■ **What to produce**: Transcribe every line of the material below exactly, leaving out the pictures.

■ **Material provided**:
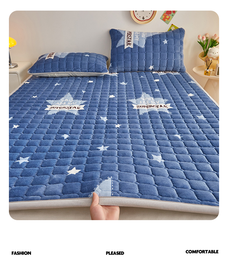 (总)奇丝雅 2025新款A类牛奶绒泡泡绒床褥床垫床盖兔毛绒家用学生宿舍上下铺寝室褥子软垫床护垫夹棉(大床)场景二,星星猫咪,月亮湾,趴趴狗,繁星,爱心咖,樱桃猫咪,幻影灰,暖绒蓝,清新绿,柔和蓝
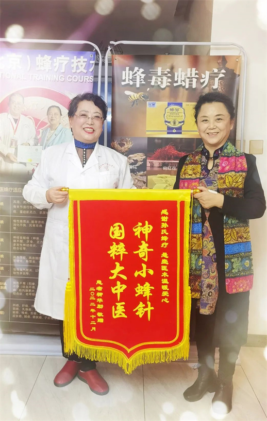 她用行动诠释对蜂疗事业的执着与热爱,关心着身边的每一个家人和朋友。当她听说老年大学的一位朗诵教师嗓子淋巴增生,已无法正常说话,于是她就立马向这位老师详尽介绍了中医蜂疗法,这位老师半信半疑的前来尝试了蜂疗,她和儿子二人精心为患者提供了专业的调理方案,先由线上蜂疗专家会诊,给出方案:用无痛蜂针+蜂毒蜡+蜂三宝综合调理,经过10次调理后,这位朗诵老师的嗓子就这样神奇般的康复了!还送来了感谢的锦旗,这是母子俩莫大的鼓励!蜂遇有缘人啊……
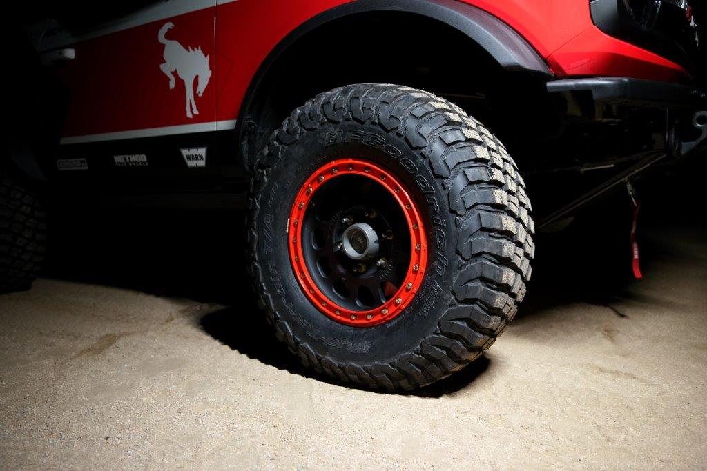 Bronco 4600’s competition-tuned high-performance off-road stability suspension features Fox coilover shocks with remote reservoirs and Fox pneumatic bump stops at all four corners. It also features Wilwood Engineering brakes and 35-inch BFGoodrich mud-terrain T/A KM3 tires mounted to Method Race Wheels 202 Forged Beadlock wheels.

■ **Reply**:
 (总)奇丝雅 2025新款A类牛奶绒泡泡绒床褥床垫床盖兔毛绒家用学生宿舍上下铺寝室褥子软垫床护垫夹棉(大床)场景二,星星猫咪,月亮湾,趴趴狗,繁星,爱心咖,樱桃猫咪,幻影灰,暖绒蓝,清新绿,柔和蓝
 她用行动诠释对蜂疗事业的执着与热爱,关心着身边的每一个家人和朋友。当她听说老年大学的一位朗诵教师嗓子淋巴增生,已无法正常说话,于是她就立马向这位老师详尽介绍了中医蜂疗法,这位老师半信半疑的前来尝试了蜂疗,她和儿子二人精心为患者提供了专业的调理方案,先由线上蜂疗专家会诊,给出方案:用无痛蜂针+蜂毒蜡+蜂三宝综合调理,经过10次调理后,这位朗诵老师的嗓子就这样神奇般的康复了!还送来了感谢的锦旗,这是母子俩莫大的鼓励!蜂遇有缘人啊……
 Bronco 4600’s competition-tuned high-performance off-road stability suspension features Fox coilover shocks with remote reservoirs and Fox pneumatic bump stops at all four corners. It also features Wilwood Engineering brakes and 35-inch BFGoodrich mud-terrain T/A KM3 tires mounted to Method Race Wheels 202 Forged Beadlock wheels.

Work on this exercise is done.